Настенька в голубой закрытой блузке с пышными рукавами и длинными манжетами почти до локтя, в синей узкой юбке, такая прекрасная, слушала его с немалым изумлением, не понимая, куда он ведет. Она, конечно, не ждала его днем, но отчего не послушать, если покупателей нет? Когда же кто-то заходил, девушка извинялась и посвящала себя клиентке, это лишний раз подтверждало, что она достойная девица, воспитанная и прилежная. На Иллариона нашло вдохновение.
– Настасья Назаровна, представьте… – сказал он, волнуясь, когда чертова покупательница ушла, так ничего и не купив, но отняв драгоценное время. – Представьте душу, которая заточена в темнице, ей тесно и одиноко. Житейские удовольствия с мирскими заботами не завлекали ее в сети, потому как она ждала чуда. И вот чудо случилось: однажды весною ниспосланный на землю ангел, божественную природу которого не успели исказить человеческие пороки…

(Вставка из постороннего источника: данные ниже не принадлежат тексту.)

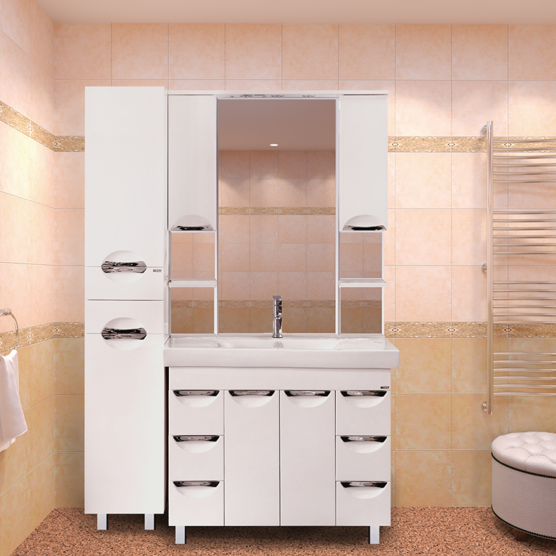 Напольная тумба под раковину Misty София с шестью ящиками 100см белый купить

– Вы странно изъясняетесь, непонятно, – заметила она.
– Что же тут непонятного, Настасья Назаровна? Вы бы поняли, ежели б занемогли, лежали на смертном одре, а ваша рука находилась бы в моей…
– Да бог с вами, я не хочу лежать… на смертном одре.
– Это я так, для поэтического сравнения. Метафора-с.
– А нельзя ли без метафор? – осторожно спросила Настенька, не желая нанести ему обиду.
– Как можно в сей час откровения, когда душа расправила крылья…
– Что за шум? – кинулась она к окну, обрадовавшись благовидному поводу прервать сию заумь. – Ничего не видно… толпа… Сударь, сходите и поглядите, что там, я не могу оставить магазин.
– Слушаюсь и повинуюсь, – с чувством сказал он, выбегая.
Честно сказать, Иллариону нужна была передышка, а то Настенька перебивала его словесный полет, в результате он забывал красивые фразы, составленные с особой тщательностью накануне.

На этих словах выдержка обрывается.